30 years after first ascent, Max Didier and Siebe Vanhee freed Patagónicos Desesperados

The route of Piola and Anker on Aguja Poincenot resolved free and also "on sight" immediately after.

14 February 2019

Max Didier and Siebe Vanhee climb Patagónicos Desesperados route in Patagonia (14L, 550m, 7th + max), opened 30 years ago and still had to see the first free ascent.

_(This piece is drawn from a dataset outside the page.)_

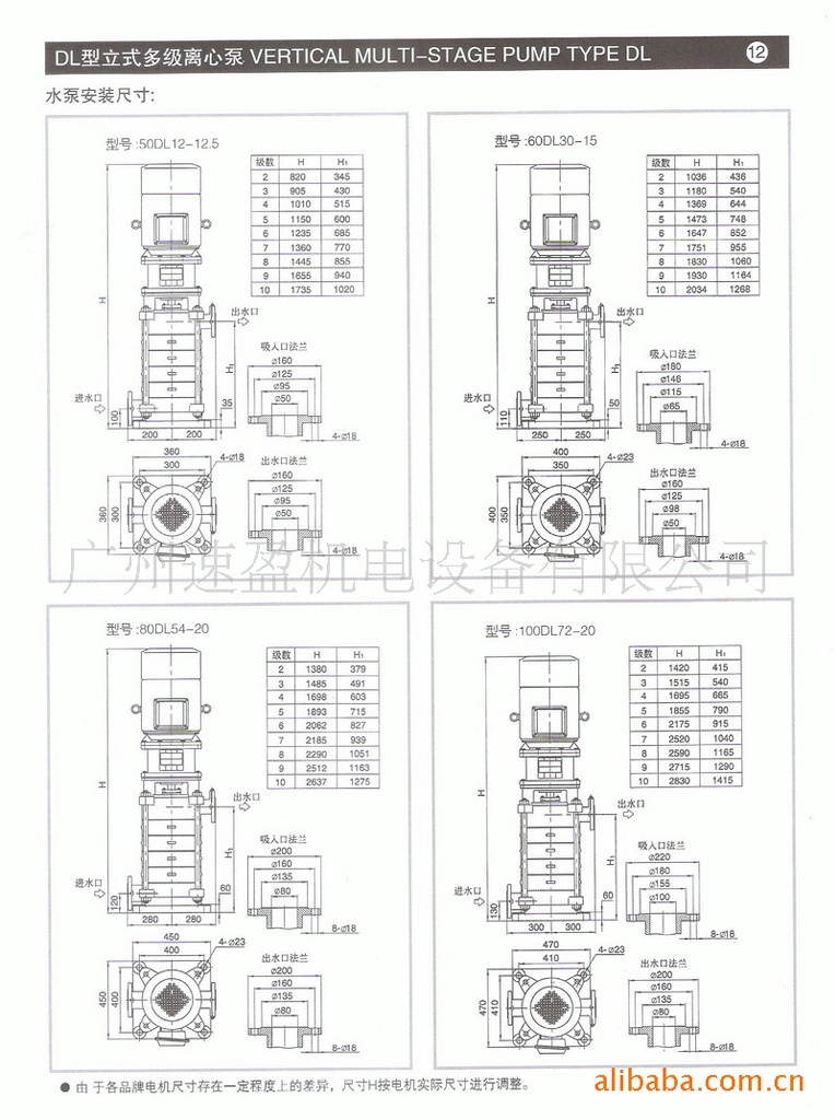 · 转速:1450r/min 性能表: 规格 | 流量 | 扬程 m | 转速 转/分 | 功率 Kw | 效率 % | 必须汽蚀余量 m | 叶轮 直径 mm | 重量 Kg | m3/h | L/s | 轴功率 | 配用功率 | 50DL12-12.5*2 | 12.6 | 3.5 | 25 | 1480 | 1.56 | 3 | 55 | 2.2 | 207 | 175 | 50DL12-12.5*3 | 12.6 | 3.5 | 37.5 | 1480 | 2.34 | 3 | 55 | 2.2 | 207 | 196 | 50DL12-12.5*4 | 12.6 | 3.5 | 50 | 1480 | 3.12 | 4 | 55 | 2.2 | 207 | 225 | 50DL12-12.5*5 | 12.6 | 3.5 | 62.5 | 1480 | 3.9 | 5.5 | 55 | 2.2 | 207 | 266 | 50DL12-12.5*6 | 12.6 | 3.5 | 75 | 1480 | 4.68 | 5.5 | 55 | 2.2 | 207 | 287 | 50DL12-12.5*7 | 12.6 | 3.5 | 87.5 | 1480 | 5.46 | 7.5 | 55 | 2.2 | 207 | 321 | 50DL12-12.5*8 | 12.6 | 3.5 | 100 | 1480 | 6.24 | 7.5 | 55 | 2.2 | 207 | 342 | 50DL12-12.5*9 | 12.6 | 3.5 | 112.5 | 1480 | 7.03 | 11 | 55 | 2.2 | 207 | 402 | 50DL12-12.5*10 | 12.6 | 3.5 | 125 | 1480 | 7.83 | 11 | 55 | 2.2 | 207 | 423 | 65DL30-15*2 | 30 | 8.33 | 30 | 1480 | 3.89 | 5.5 | 63 | 2.5 | 214 | 280 | 65DL30-15*3 | 30 | 8.33 | 45 | 1480 | 5.83 | 7.5 | 63 | 2.5 | 214 | 350 | 65DL30-15*4 | 30 | 8.33 | 60 | 1480 | 7.78 | 11 | 63 | 2.5 | 214 | 436 | 65DL30-15*5 | 30 | 8.33 | 75 | 1480 | 9.7 | 11 | 63 | 2.5 | 214 | 486 | 65DL30-15*6 | 30 | 8.33 | 90 | 1480 | 11.67 | 15 | 63 | 2.5 | 214 | 544 | 65DL30-15*7 | 30 | 8.33 | 105 | 1480 | 13.61 | 15 | 63 | 2.5 | 214 | 590 | 65DL30-15*8 | 30 | 8.33 | 120 | 1480 | 15.56 | 18.5 | 63 | 2.5 | 214 | 694 | 65DL30-15*9 | 30 | 8.33 | 135 | 1480 | 17.5 | 22 | 63 | 2.5 | 214 | 765 | 65DL30-15*10 | 30 | 8.33 | 150 | 1480 | 19.45 | 22 | 63 | 2.5 | 214 | 811 | …………………………………… |

It was 1989 when the two strong Daniel Anker and Michel Piola went to the other side of the world and managed to open Patagónicos Desesperados, a route on the Aguja Poincenot. The conditions of the time had not allowed to resolve it in free climbing but in this very strange season in Patagonia, taking advantage of one of the rare windows of good weather, the Belgian Siebe Vanhee and Chilean Max Didier completed the first free of the route.

Curiously, Siebe and Max did not even know each other just a few weeks ago, but the bad weather of these weeks has changed the programs of various climbers and many climbers have found themselves in El Chalten. Some agreements were skipped and new ones were born and so Vanhee and Didier agreed to try this venture.

We immediately understand that they have not climbed a monster of difficulty, the maximum rank appears on the 7a+ (ex 6c, A3), but the first is still the Patagonia, according to the weather have still closed a project and the third is nice idea that they chased the story by going to find something interesting.
And only five days after this first, Italian Leo Gheza, accompanied by Andrea Tocchini as the second of the team, hit the first repetition and the first ascent “on sight” the route.

The first ever repetition of the route is instead of 2010 by Oriol Baró and Ramiro Calvo.